By Eric B. Meyer
Here’s a news flash: A new U.S. Senate bill would abolish non-competes for low-wage workers.
The Jimmy John’s thing aside, is that really an issue? The use of non-compete agreements for employees making less than $15 an hour?
Well, it’s called The Mobility and Opportunity for Vulnerable Employees (MOVE) Act.
According to a press release from Sen. Chris Murphy, D-CT, “research” shows that somewhere between 8-15 percent of low-wage workers have to sign non-competition agreements as a condition of employment. So, Sen. Murphy, along with U.S. Senator Al Franken, D-Minn., introduced the Mobility and Opportunity for Vulnerable Employees (MOVE) Act in the Senate.
The MOVE Act would amend the Fair Labor Standards Act to ban the use of non-compete agreements for employees making less than $15 an hour, $31,200 per year, or the minimum wage in the employee’s municipality, and will require employers to notify prospective employees that they may be asked to sign a non-compete agreement.
A “shaming exercise” for employers
Let’s go back to Sen. Murphy’s statistics.

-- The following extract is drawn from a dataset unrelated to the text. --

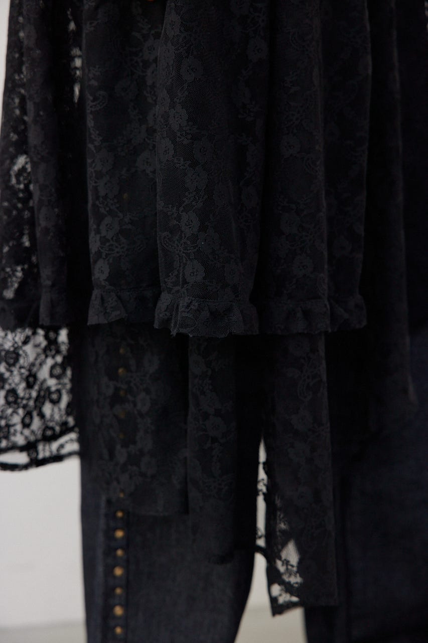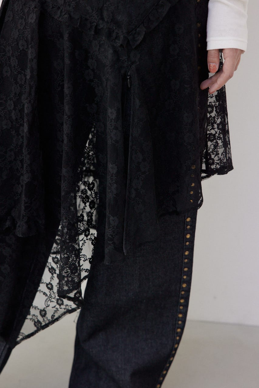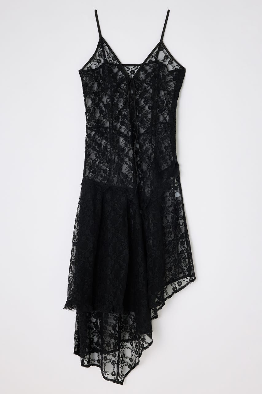 ■DETAIL:コンシールファスナーを開けるとスリットが入るデザインで、フロントのレースアップとアシンメトリーなヘムがポイントです。
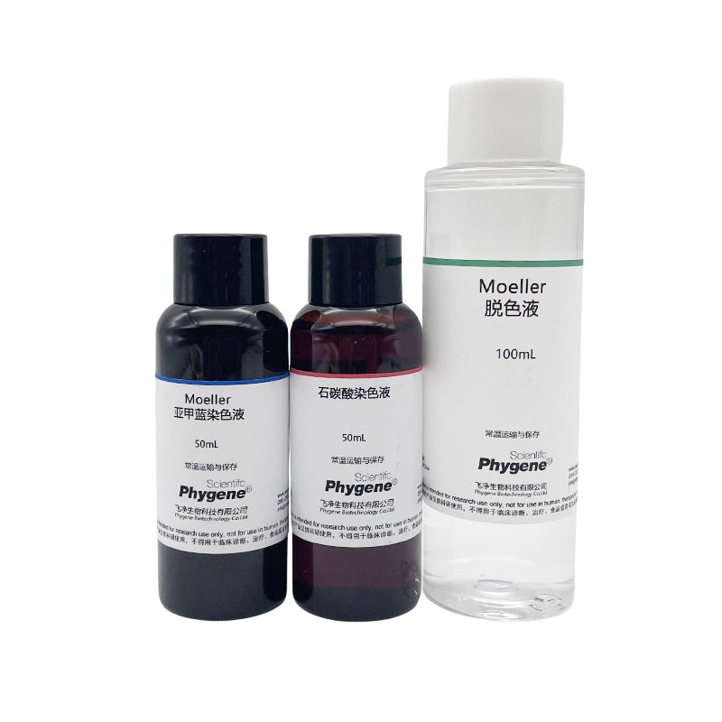 芽孢染色液(Moeller 法)主要由石炭酸染色液、Moeller 亚甲蓝染色液、Moeller 脱色液组成,芽孢会被染成红色,菌体呈红色,操作简单,结果判断更可靠。但应注意,观察芽孢应在成熟期,但也不能过久,否则只能看到芽孢,而营养体已经消失。该染色液仅用于科研领域,不用于临床诊断或治疗。

If 8-15 percent of low-wage workers are affected by non-compete agreements, that means that means about 9 out of 10 low-wage workers aren’t encumbered by this form of restrictive covenant. And, how many of those one in 10 have had their former employer seek to enforce a non-compete? Indeed, I imagine that most do not pose a competitive threat.
Plus, the courts disfavor enforcement of restrictive covenants where the employee would be precluded from making a living, or the employer lacks a legitimate business interest in enforcement. So, we’re talking about a really small number of employees truly affected by this so-called “practice.”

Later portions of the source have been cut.